→ **What this task involves**:
Retyping should cover only the lines from the one containing "12月28日,2025航空宇" through the final line of the records, with pictures omitted.

*** Source data ***

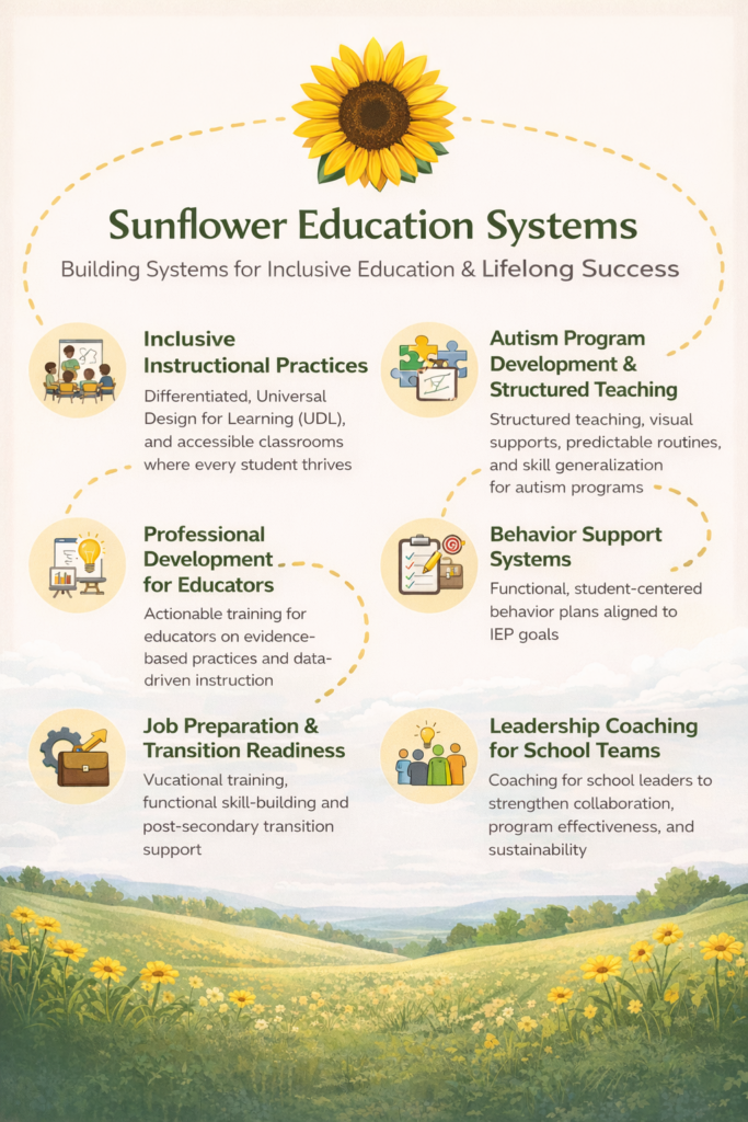 Sunflower Education Systems exists to strengthen schools by designing inclusive, structured, and sustainable educational systems that empower educators, support diverse learners, and prepare students for lifelong independence and success.
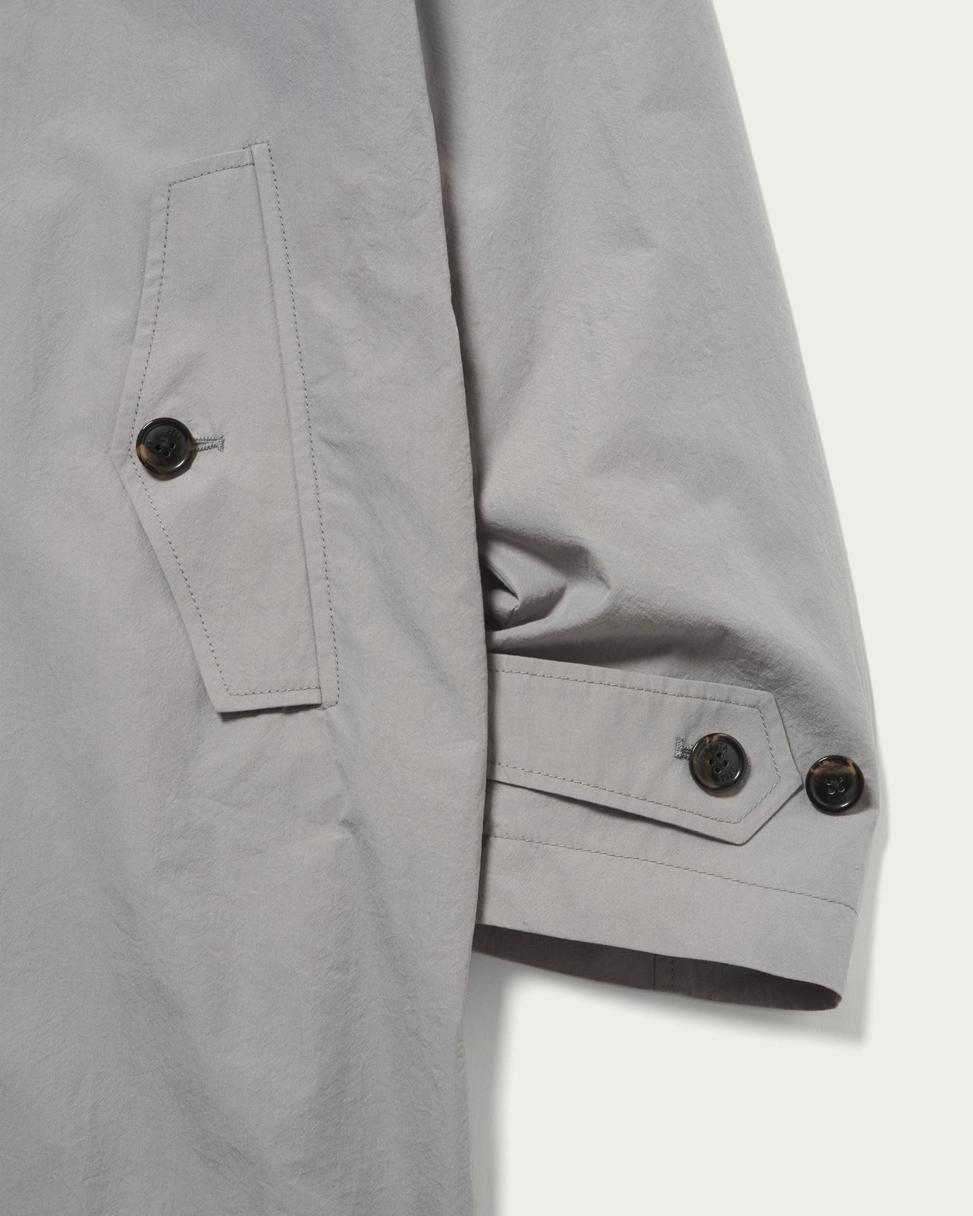 知る人ぞ知る名品、〈BARACUTA(バラクータ)〉の「G10(ステンカラータイプ)」をベースに別注。現行モデルとは異なるアーカイブに着目し、動きやすさを考えた、切り替え入りのラグラン袖を採用しました。腕の可動域と、すっきりとした見た目を両立しています。さらにサイズバランスを一から見直し、カジュアルからドレススタイルまで対応する、モダンで汎用性の高いフィット感に仕上げているのもポイント。袖のロゴ刺繍や、ブランドロゴの台座部分にブランドを象徴するフレイザータータンを配すなど、随所にスペシャルなカスタムを施しました。
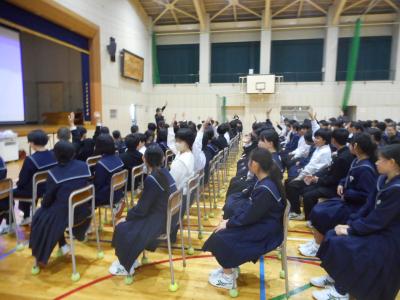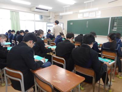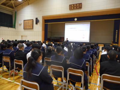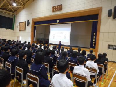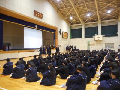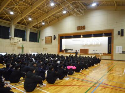 3年生に対して、今後の進路指導についての学年集会がおこなわれました。中学校卒業後の進路について悩むこともあると思いますが、家の人や先生に相談し、一人一人にとって一番の進路選択をしてほしいと思います。
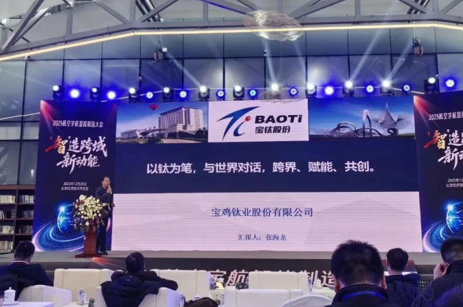 12月28日,2025航空宇航智能制造大會(huì)在北京召開(kāi)。會(huì)議聚焦航空航天智能制造技術(shù)轉(zhuǎn)化,匯聚院士、專(zhuān)家學(xué)者及低空經(jīng)濟(jì)、新能源汽車(chē)等領(lǐng)域領(lǐng)軍企業(yè)代表,共同探討新時(shí)代下中國(guó)航空宇航制造產(chǎn)業(yè)的發(fā)展新路徑。寶雞鈦業(yè)股份有限公司(以下簡(jiǎn)稱(chēng)“寶鈦股份”)總經(jīng)理張海龍應(yīng)邀參會(huì)并作主題報(bào)告。
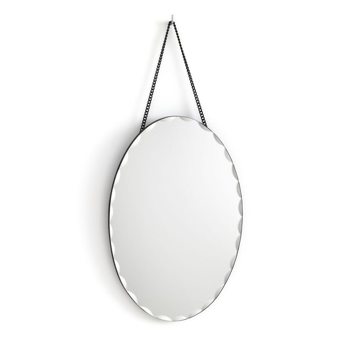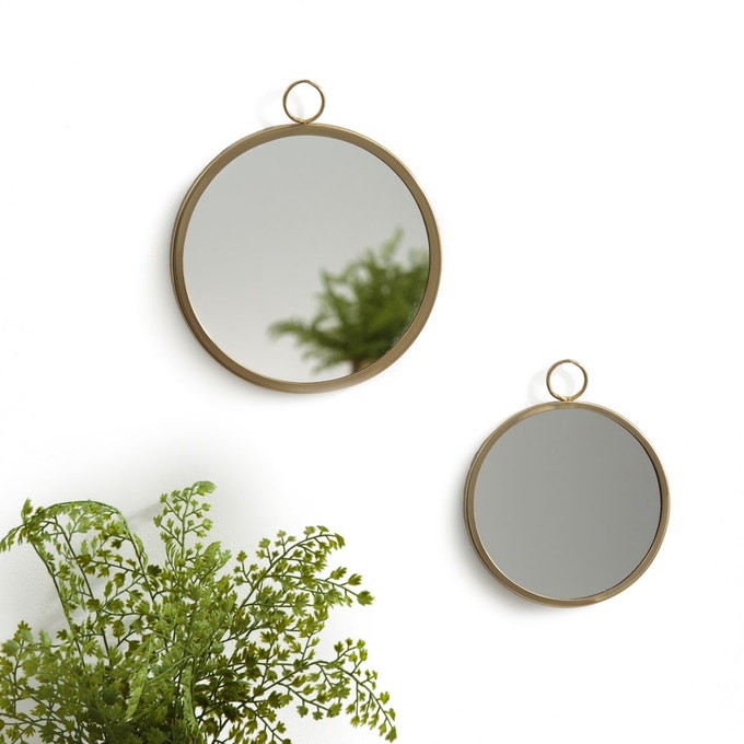 Lot de 2 bougeoirs en verre mercurisé, 39.99 € / Miroir biseauté à suspendre, 31.99 €

*** End of Source data ***

→ **Response to this exercise**:
 12月28日,2025航空宇航智能制造大會(huì)在北京召開(kāi)。會(huì)議聚焦航空航天智能制造技術(shù)轉(zhuǎn)化,匯聚院士、專(zhuān)家學(xué)者及低空經(jīng)濟(jì)、新能源汽車(chē)等領(lǐng)域領(lǐng)軍企業(yè)代表,共同探討新時(shí)代下中國(guó)航空宇航制造產(chǎn)業(yè)的發(fā)展新路徑。寶雞鈦業(yè)股份有限公司(以下簡(jiǎn)稱(chēng)“寶鈦股份”)總經(jīng)理張海龍應(yīng)邀參會(huì)并作主題報(bào)告。
 Lot de 2 bougeoirs en verre mercurisé, 39.99 € / Miroir biseauté à suspendre, 31.99 €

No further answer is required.